Шампанское льется рекой. Кавалеры бьются за поцелуй Лизаньки, и готовы отдать за это последние деньги. Мертвое тело Ивана Васильевича в поисках мадам находит манекен, и уже совсем не понимает, что это не женщина. Да и есть ли душа в женщинах, находящихся сейчас, здесь, на этом празднике, где за пьяным угаром ничего не видно?

  В постановке нет хороших и плохих героев. Все заражены вирусом тоски и упадничества. И даже Павел Федорович, провалившийся в болото уныния, радуется только морфию. Казалось бы, единственный «светлый» человек в этом тюремном царстве. Но и его мечта о Париже рушится: убийство, кража – и в квартире уже уголовный розыск. И люди, которые, по сути дела, всю свою жизнь провели в «тюрьме», идут уже в новую тюрьму. Похожую ли на эту?
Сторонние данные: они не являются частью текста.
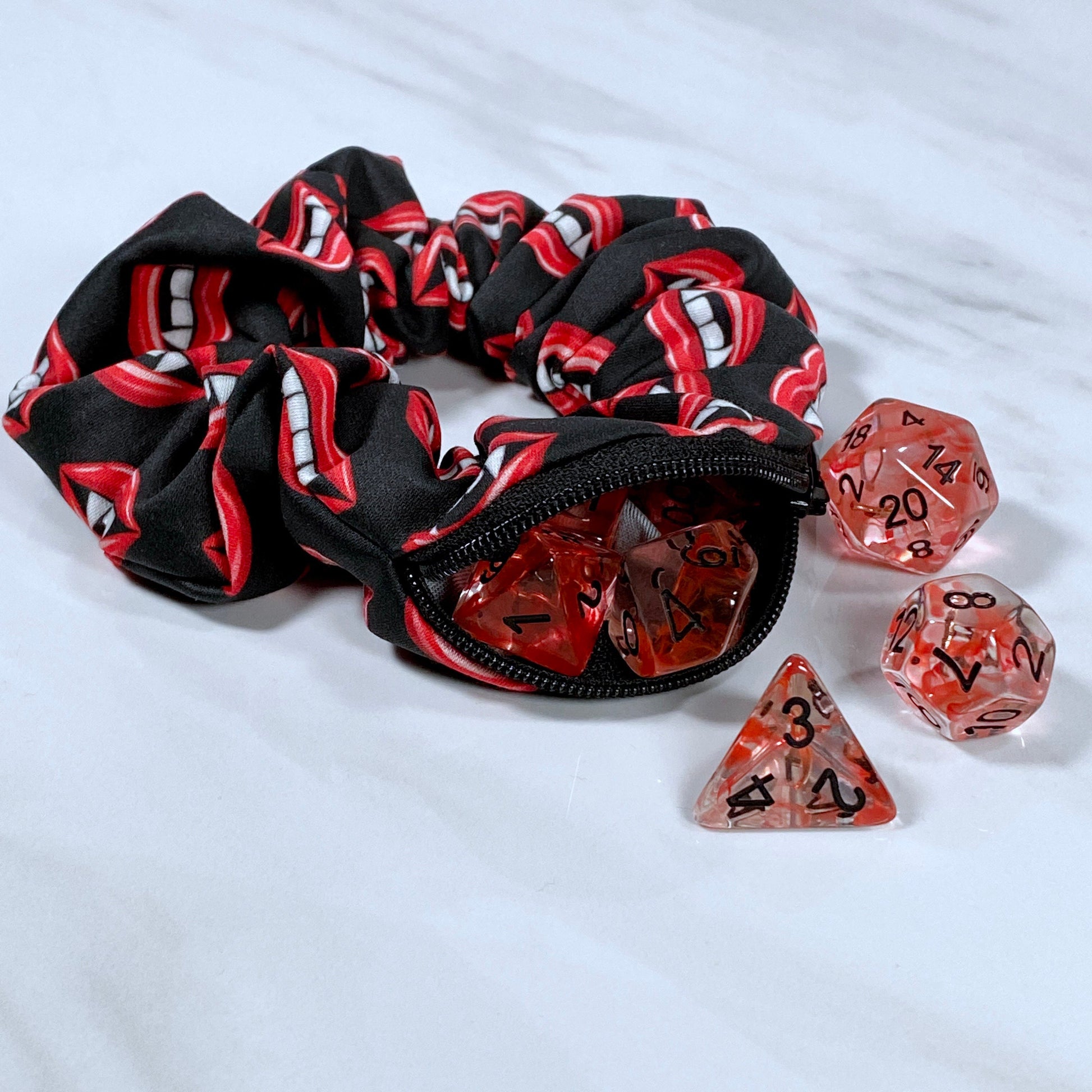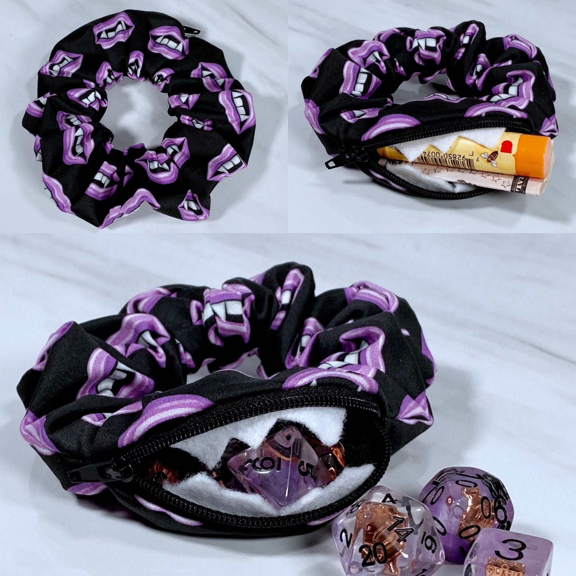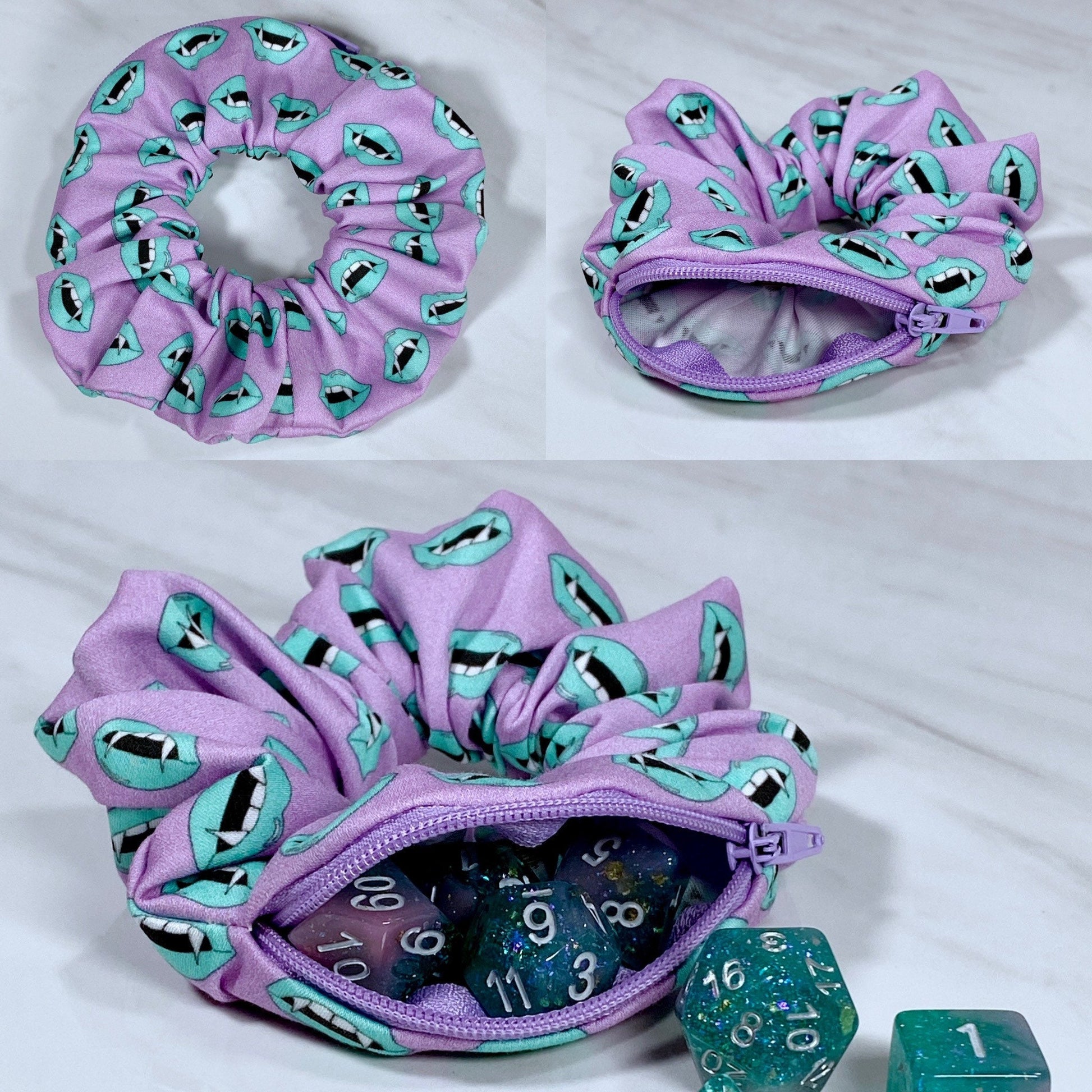 Our zipper scrunchies (or stachies), unzip to reveal the mimics they truly are. Ready to carry a full set of dice, some spare keys, cash, or lip balm. They are sized to be comfortably snug on your wrist, or wrap around your hair 2+ times.

Примечательно то, что Маргарита некоторым персонажам дает по веточке мимозы. Ядовито-желтые цветы постепенно наполняют сцену. Первый, кто получает цветок – Гусь-Ремонтный, которого убивает Херувим. Аналогия постановщика более чем прозрачна: цветок получат умершие персонажи. Некий намек режиссера на то, чем закончилась жизнь Аметистова, Херувима, Манюшки, других персонажей… Чем в советское время могла закончиться такая жизнь? Для режиссера ответ очевиден.